Milwaukee Public Schools Pick Students, But Voucher Schools Can’t

A recent study of the admission practices of public and private schools in Milwaukee revealed the application of a double standard towards students whose education costs are paid for by public tax dollars. Surprisingly, it is the Milwaukee Public Schools (MPS) that use a wide range of selective criteria to screen out unwanted students from many desirable schools, while private schools are not permitted to use any screening criteria for accepting students from the Milwaukee Parental Choice Program (MPCP).

“Milwaukee’s experience with the nation’s longest-running program of school vouchers directly contradicts the claims of voucher opponents regarding public and private school admission practices,” conclude Marquette University professor Howard L. Fuller and education consultant George A. Mitchell. “A targeted, tax-supported school voucher program for low-income parents can be designed to provide essentially an open admission policy.”

Their finding is significant because of persistent claims by voucher critics that school choice is unfair in practice.
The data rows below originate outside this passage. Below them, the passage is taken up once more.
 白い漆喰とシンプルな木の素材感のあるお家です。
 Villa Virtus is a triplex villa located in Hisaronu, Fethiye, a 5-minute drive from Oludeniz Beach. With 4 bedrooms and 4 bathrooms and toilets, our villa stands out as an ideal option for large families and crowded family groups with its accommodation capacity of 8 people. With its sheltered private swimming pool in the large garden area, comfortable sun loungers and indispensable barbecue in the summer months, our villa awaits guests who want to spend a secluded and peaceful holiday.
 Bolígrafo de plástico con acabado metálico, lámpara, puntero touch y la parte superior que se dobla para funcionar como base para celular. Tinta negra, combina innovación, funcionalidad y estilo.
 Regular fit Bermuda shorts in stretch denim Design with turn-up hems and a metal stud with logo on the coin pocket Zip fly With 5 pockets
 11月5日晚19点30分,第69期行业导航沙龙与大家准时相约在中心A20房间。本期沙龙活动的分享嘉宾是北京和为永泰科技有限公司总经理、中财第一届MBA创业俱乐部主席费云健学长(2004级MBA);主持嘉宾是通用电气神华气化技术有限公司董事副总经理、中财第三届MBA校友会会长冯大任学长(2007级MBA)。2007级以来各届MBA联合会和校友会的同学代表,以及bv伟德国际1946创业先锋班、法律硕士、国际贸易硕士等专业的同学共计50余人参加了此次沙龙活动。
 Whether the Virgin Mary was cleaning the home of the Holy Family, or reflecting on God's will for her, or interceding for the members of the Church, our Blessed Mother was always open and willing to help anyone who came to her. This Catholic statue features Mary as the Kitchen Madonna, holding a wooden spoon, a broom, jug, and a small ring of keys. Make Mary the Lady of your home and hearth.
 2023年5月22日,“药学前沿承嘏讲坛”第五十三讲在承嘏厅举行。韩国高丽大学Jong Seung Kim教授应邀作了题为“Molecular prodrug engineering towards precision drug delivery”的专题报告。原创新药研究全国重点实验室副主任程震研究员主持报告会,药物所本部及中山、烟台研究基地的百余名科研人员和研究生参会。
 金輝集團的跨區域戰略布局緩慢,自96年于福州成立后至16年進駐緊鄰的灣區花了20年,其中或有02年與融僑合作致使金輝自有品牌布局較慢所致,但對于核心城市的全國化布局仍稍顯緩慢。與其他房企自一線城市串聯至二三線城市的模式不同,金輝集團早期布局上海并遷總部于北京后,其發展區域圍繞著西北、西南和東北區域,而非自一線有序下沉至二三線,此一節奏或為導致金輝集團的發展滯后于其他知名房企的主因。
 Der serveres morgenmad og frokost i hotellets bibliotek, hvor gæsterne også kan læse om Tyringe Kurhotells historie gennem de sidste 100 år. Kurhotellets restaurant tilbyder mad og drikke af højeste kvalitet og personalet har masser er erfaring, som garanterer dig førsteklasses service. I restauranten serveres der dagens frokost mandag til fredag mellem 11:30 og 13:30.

Those critics argue that public schools must accept all students, while private schools can be selective and pick only the students they want to accept. The private schools, not the parents, choose the students, claim these critics.

The Fuller-Mitchell study shows not only that this argument is false, but that it is the exact reverse of reality, where the public school system denies choice to parents and individual public schools choose their students rather than parents choosing the schools.

“In fact, the Milwaukee Public Schools often use selection criteria typically associated with private schools,” write Fuller and Mitchell in their January 2000 report from Marquette University’s Office Of Research, “Selective Admission Practices?” For example, more than one-third (37 percent) of MPS high school students attend schools with a range of highly selective admission criteria–criteria that private schools are prohibited from using in reviewing applications from voucher students.

Ironically, the criteria used to screen admissions to Milwaukee’s public schools are the same ones the American Federation of Teachers deems unacceptable and claims are used by private schools to admit or reject students–criteria such as prior academic achievement, standardized test scores, prior disciplinary record, written application, and interviews with applicants and their parents.

And these are not the only criteria used by the Milwaukee Public Schools to select students for its schools. Wisconsin state law allows schools in Milwaukee and suburban districts to refuse to accept a student transferring between the public school systems because of being expelled, poor attendance, or incomplete evaluation. None of these criteria may be used by private schools in reviewing the applications of Milwaukee public school students who are eligible for vouchers.

Voucher critics also use special education as a club to beat voucher proponents with the claim that private schools don’t have to take disabled students, leaving the public schools to shoulder the burden of these hard-to-educate students. But as a practical matter, critics can point to no example of a voucher-eligible student being denied admission to a private school based on special education needs. As a legal matter, private schools are not permitted to reject such students.

By contrast, public schools can and often do reject such students. The Fuller-Mitchell analysis shows that no MPS elementary, middle, or high school accepts all students with special education needs. For example, only 22 of Milwaukee’s 117 public elementary schools accept students with orthopaedic impairment; only two of the city’s 21 middle schools accept students with autism; and only four of its high schools accept students with hearing impairment.

“MPS has the final say, not the parent, in determining where a special needs student attends school, including whether the student may attend a school that does not have a program for them,” note the authors. Private schools that accept voucher students, by contrast, must permit parents to decide what is the best school for their child.


George A. Clowes is managing editor of School Reform News.